Seditious Heart
Master! Your history gets
In the way of my memory;
I did not lie when I said─
“You don’t own my lawn.”
There is a reason I am silent;
You did not let me speak
My version (s) of history.
Master! Your history gets
In the way of my memory;
I did not lie when I said ─
“You don’t own my body.”
Master! My heart is seditious;
And my mind can really think
How you rob me of my stones.
I did not lie when I said —
“You don’t own my tongue.”
Master! You came as a guest,
And took my cream-white skin;
You wanted a slave in my form.
I did not lie when I said —
“You don’t own my choice.”
Master!

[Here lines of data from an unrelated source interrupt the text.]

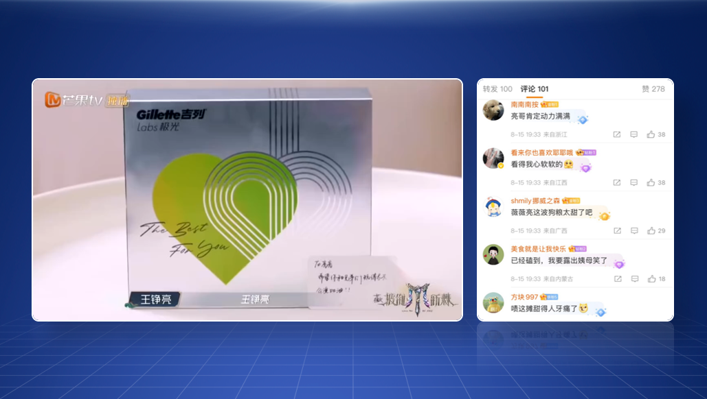 再比如现在正在热播的《披荆斩棘2025》,吉列作为赞助品牌,希望每位哥哥能够在舞台上超越自己,呈现最佳状态。通过产品植入综艺节目,我们突破时代算法,触达更多消费者。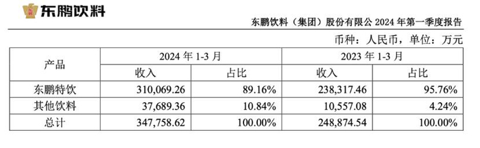 根据东鹏饮料一季度财务报告显示,其中,今年一季度其“大单品”东鹏特饮“斩获”收入310069.26万元,占比高达89.16%;而“其他饮料”收入仅为37689.36万元,占比仅10.84%。其在财报中补充称,“其中东鹏补水啦及东鹏大咖合计收入占比为6.92%。”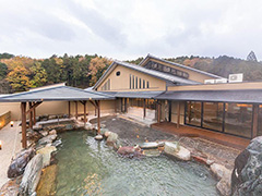 ゆとりの空間で、大自然とすべすべ感たっぷりの温泉を堪能できる日帰り入浴施設。内湯や露天風呂に、多彩な湯船が並ぶ。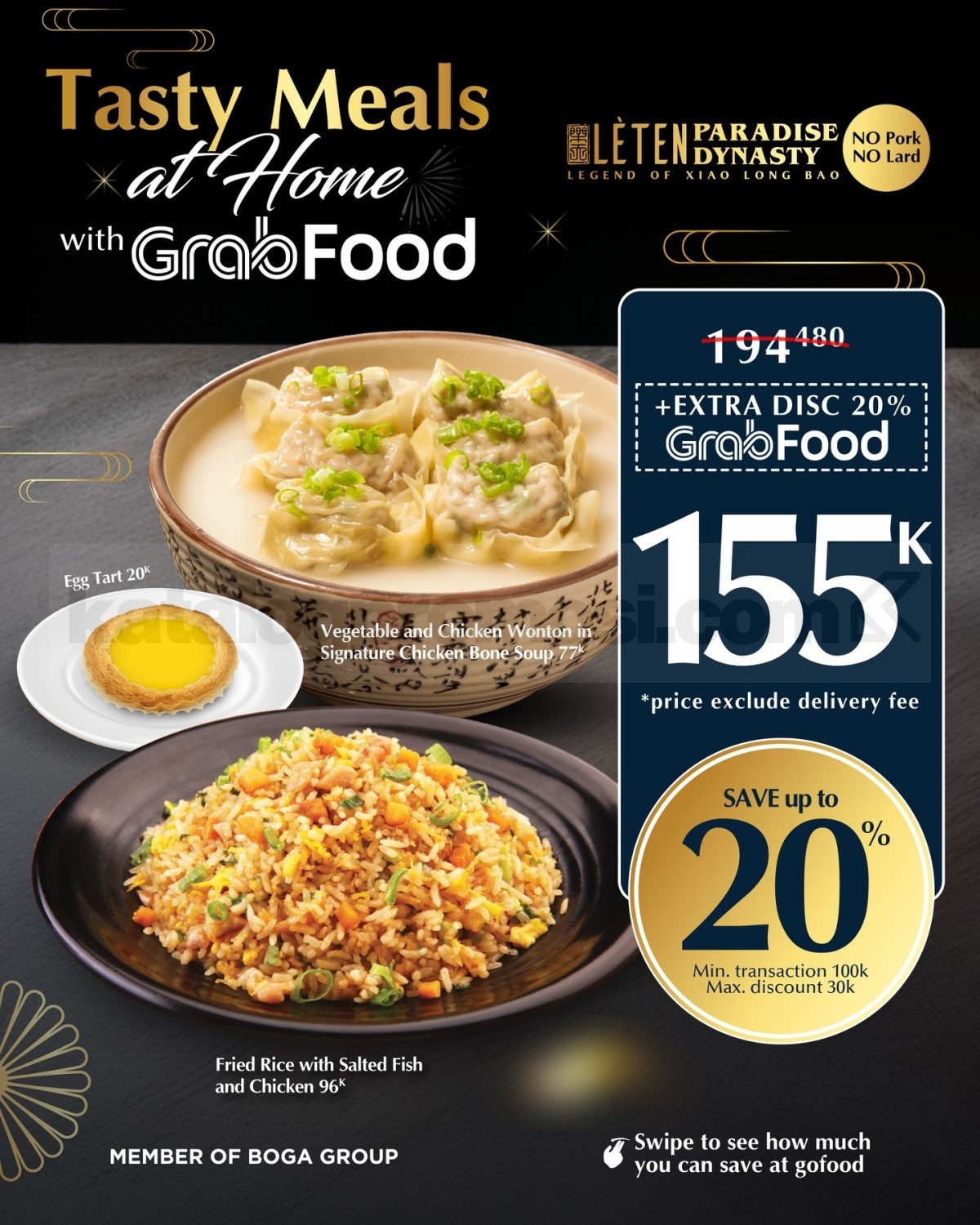 Promo Leten Paradise Dynasty Delivery Diskon hingga 40% dengan menu set Rp. 60.000 via aplikasi berlaku selama periode promo di lokasi tertentu.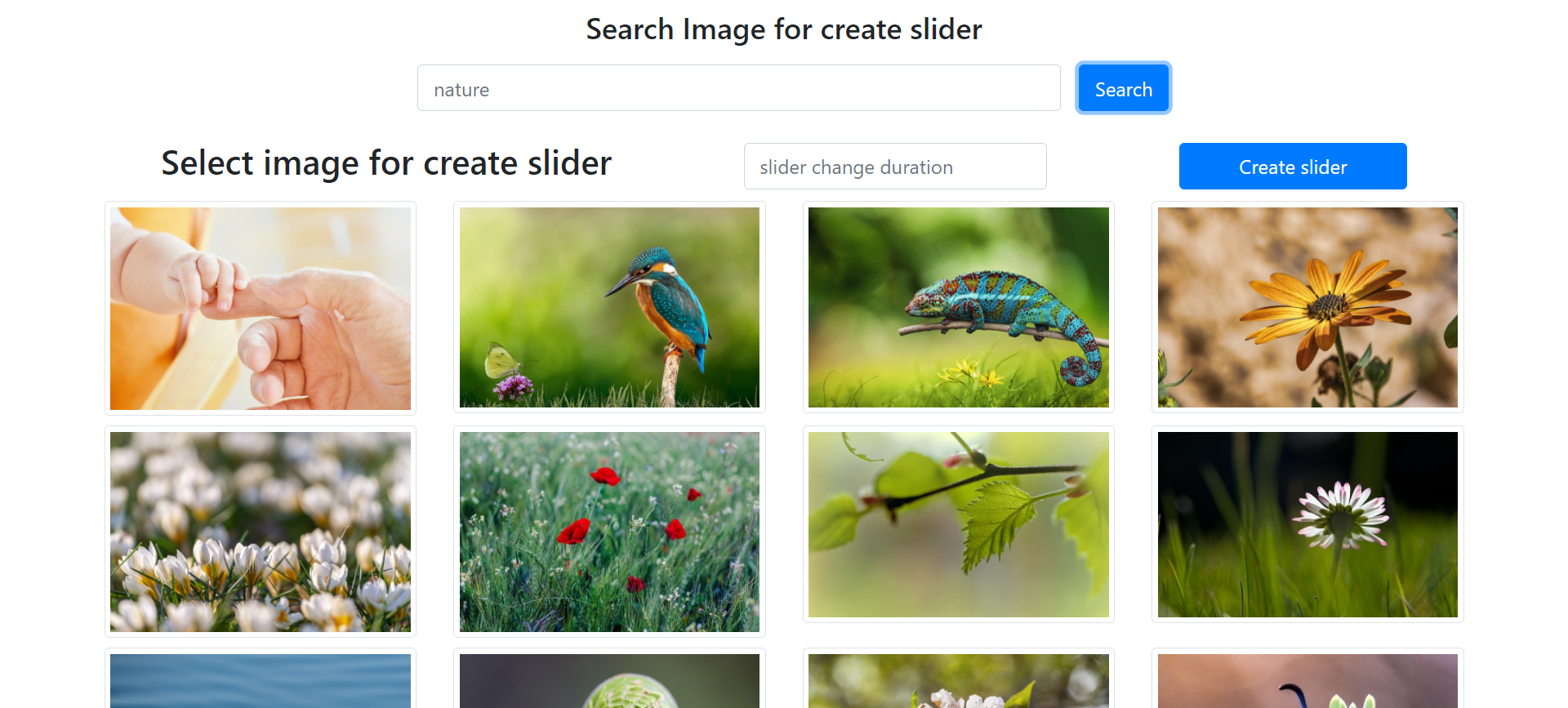 You have to search for wallpaper by its category name and you will get all the wallpaper related to that name. If search input field is empty and you click the search , you will get all the wallpaper available in our collection. You can select some images and make a wallpaper slider. You can also set the duration for sliding an image.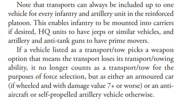 However, in the case of a Truck or a Halftrack, one is able to add either HMGs or MMGs as appropriate, and the transport still retains the ability to transport troops. I just don’t remember where this is in the rules at the moment.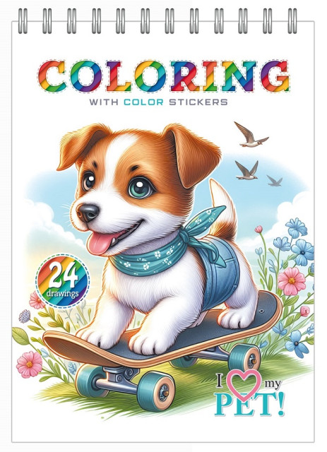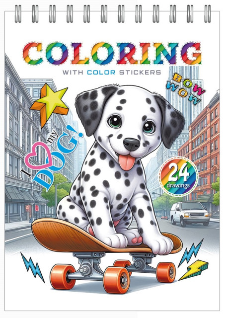 Раскраска с наклейками 14,8 * 21см, 100г, 12 листов, печать 4 + 4. Спираль, ТМ Fresh, Украина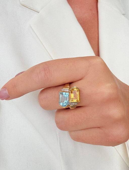 Citrine & Aquamarine and Diamond Ring, Two Tone 14k & Platinum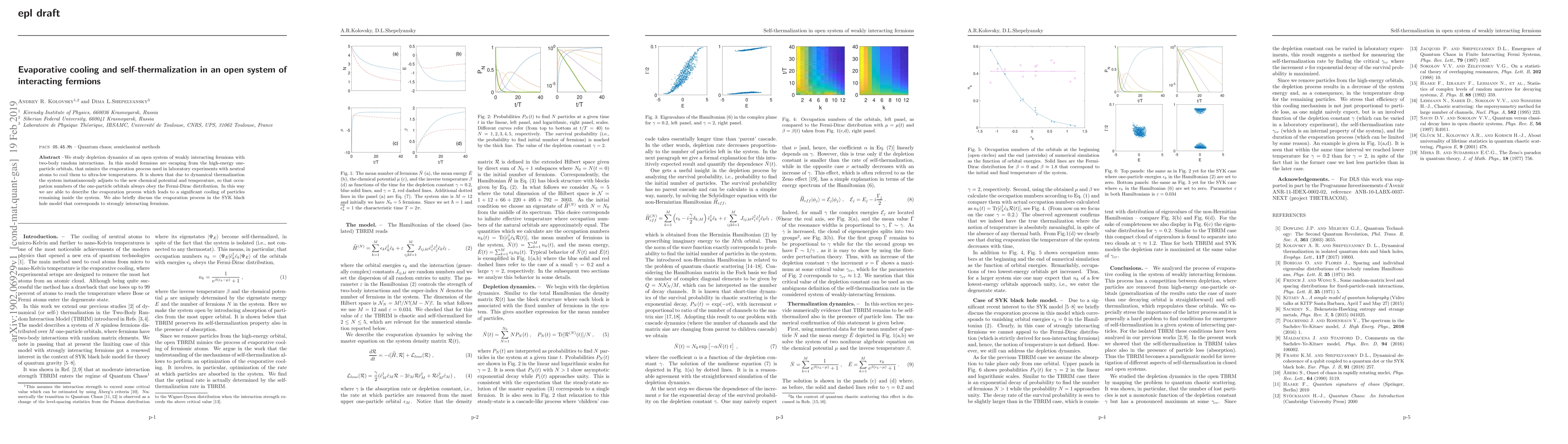We study depletion dynamics of an open system of weakly interacting fermions with two-body random interactions. In this model fermions are escaping from the high-energy one-particle orbitals, that mimics the evaporation process used in laboratory experiments with neutral atoms to cool them to ultra-low temperatures. It is shown that due to dynamical thermalization the system instantaneously adjusts to the new chemical potential and temperature, so that occupation numbers of the one-particle orbitals always obey the Fermi-Dirac distribution. In this way we are able to describe the evaporation process which leads to a significant cooling of particles remaining inside the system. We also briefly discuss the evaporation process in the SYK black hole model that corresponds to strongly interacting fermions.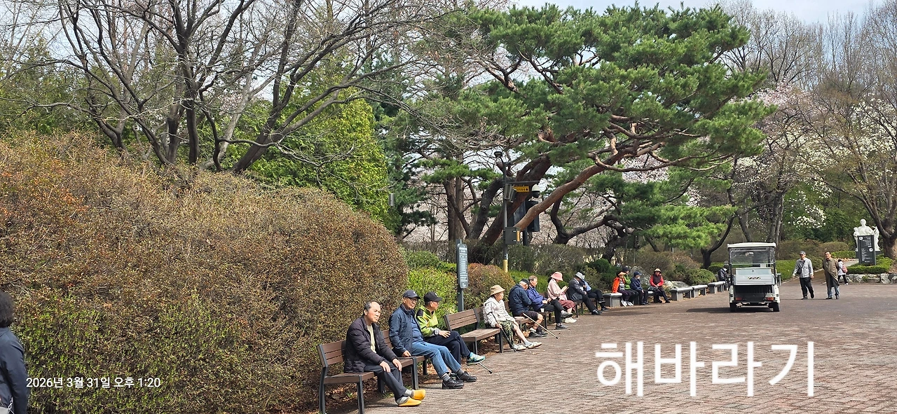 길 가에 길게 놓인 벤치에 앉아 해바리기 하는 노인들,

I will not tell anyone;
Neither will I write about it:
How day in and day out;
You engineer schemes to
Declare me — a migrant.
But Master! O, Master!
I did not lie when I said —
“You don’t own my roots.”
Master! I was here before
The crows learnt to caw;
And before the first icicles
Were formed on God’s shed.
Master! One day, father said,
“I came here before the first
Fire broke and spread life.”
I did not lie when I said —
“You don’t own my birth”
Master! Your history gets
In the way of my memory again.
I remember it as my first love;
You taught me to be silent;
But master! My heart is seditious;
And I cannot forget it so easily,
I did not lie when I said —
“You don’t own my memory.”
Notes:
1. The title of this poem has been borrowed from Arundhati Roy’s collection of essays My Seditious Heart.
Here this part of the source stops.